Saturday, June 24, 2017

domain name system - Why should one have a secondary DNS server?



I'm very confused.



I basically understand how DNS works. Here's an example that helps illustrate what I'm having trouble understanding.



Right now, I run a small web-server. I use my provider's DNS manager, so I don't have a DNS server hosted on the machine.



Let's say for a second, that I don't use my host's DNS, and I decide to set up a DNS server on my server. Hypothetical scenario: my server (entire) server goes down - DNS included. Why do I need backup DNS? If the server is down, who cares if the DNS server is down too, considering that even if I had DNS up (it wasn't on the crashed server), it wouldn't be able to forward requests anyway since the server would be down?




Is the point of having secondary DNS, to be able to change the IP addresses that your DNS server points to, so if your webserver was down, you could redirect traffic to a backup? How would you switch to the secondary provider, in the event that your main DNS provider becomes unavailable? Is a backup DNS system basically up all the time? How is it configured? Is it just an exact clone of the DNS server you would have on your server? Do they run simultaneously?



Hopefully someone can see what I'm hung up on, and provide some guidance.


Answer



The major point in having a secondary DNS server is as backup in the event the primary DNS server handling your domain goes down. In this case, your server would be still up, and so without having a backup, nobody could get to your server possibly costing you lots of lost customers (i.e. REAL MONEY).

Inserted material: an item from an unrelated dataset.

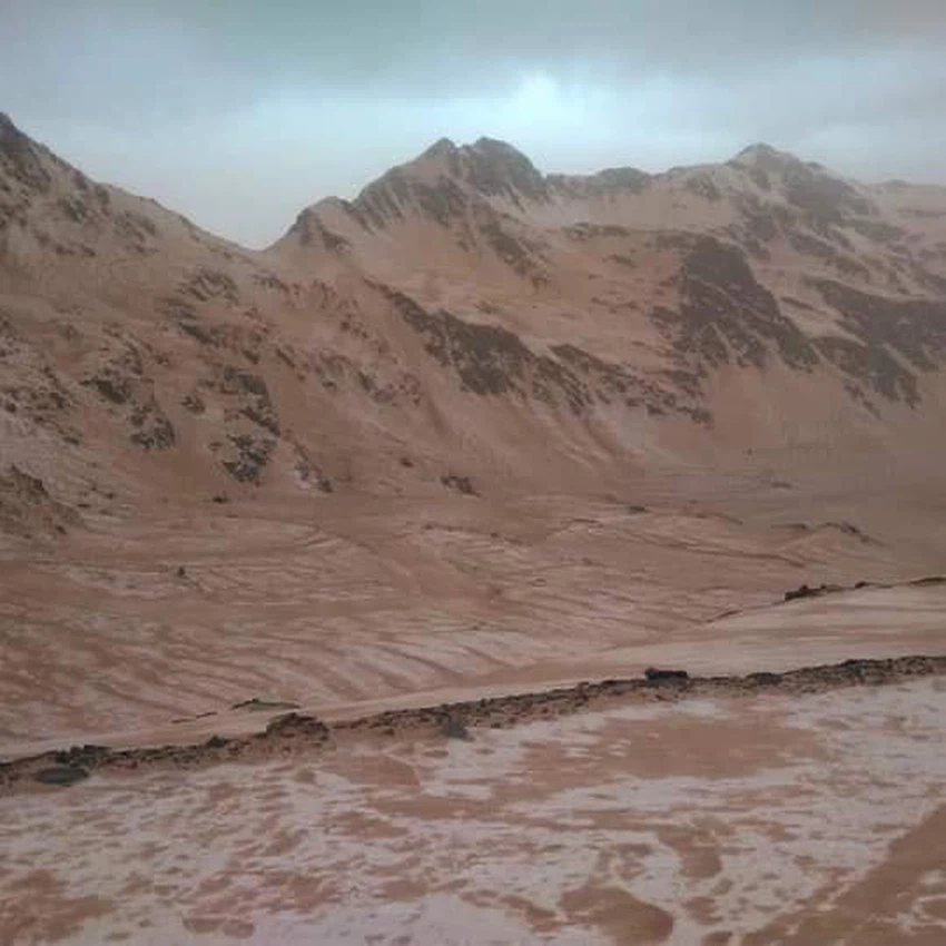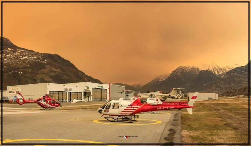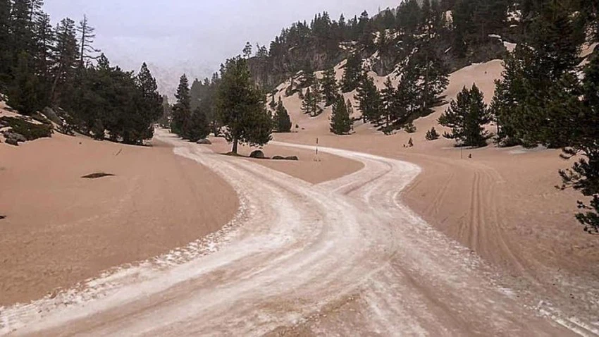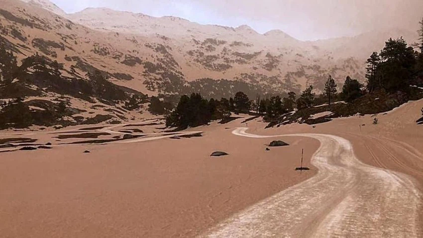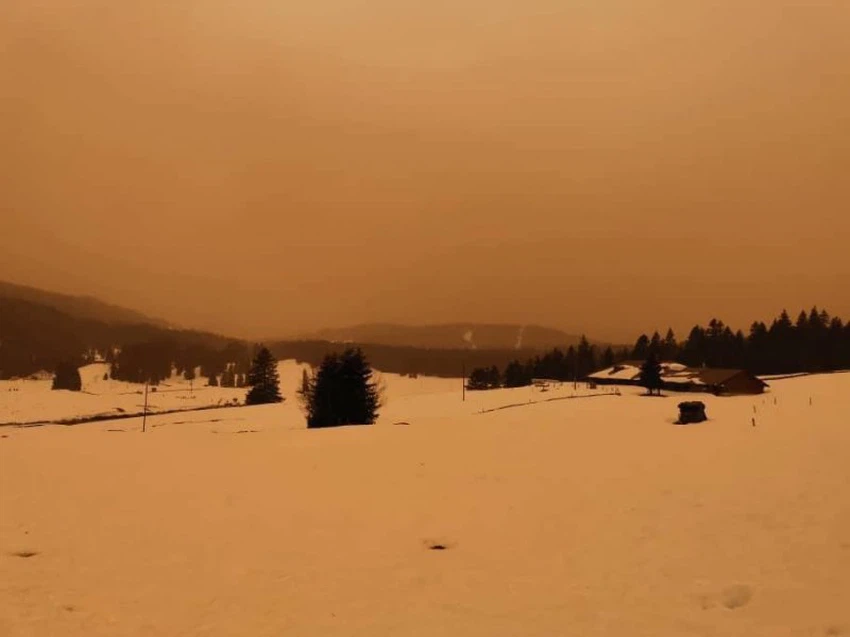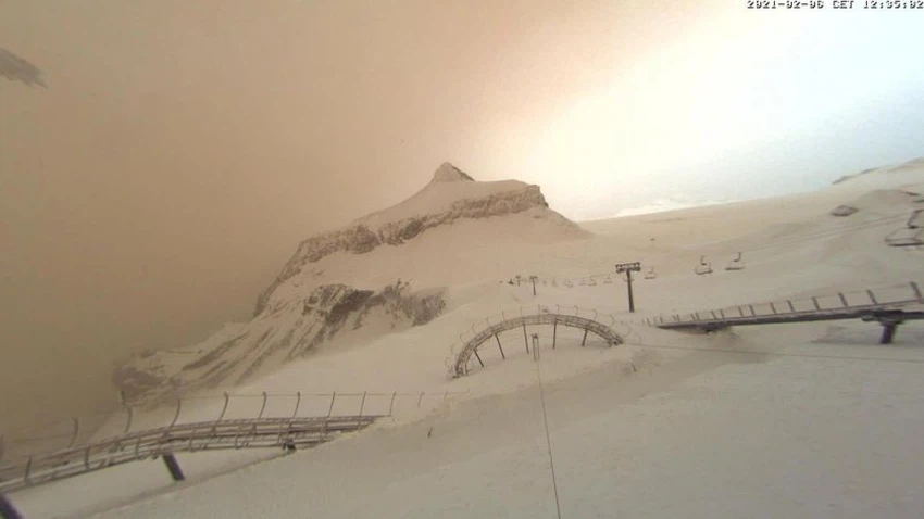 شهدت جبال الالب ثلوج لونها برتقالي بسبب تأثرها بعاصفة غبارية قوية سببها تشكل منخفض جوي غرب البرتغال نشأت عنه رياح جنوبية من غرب الصحراء الأفريقية وأمتدت نحو أوروبا وصولاً نحو جبال الألب

A secondary DNS server is always up, and ready to serve. It can help balance the load on the network as there are now more than one authoritative place to get your information. Updates are generally performed automatically from the master DNS. Thus it is an exact clone of the master.



Generally a DNS server contains more information than just a single server, it might contain mail routing information, information for many many hosts, mail spam keys, etc. So resilancy and redundancy are of DEFINITE benefit to domain holders.




I hope this helps your understanding.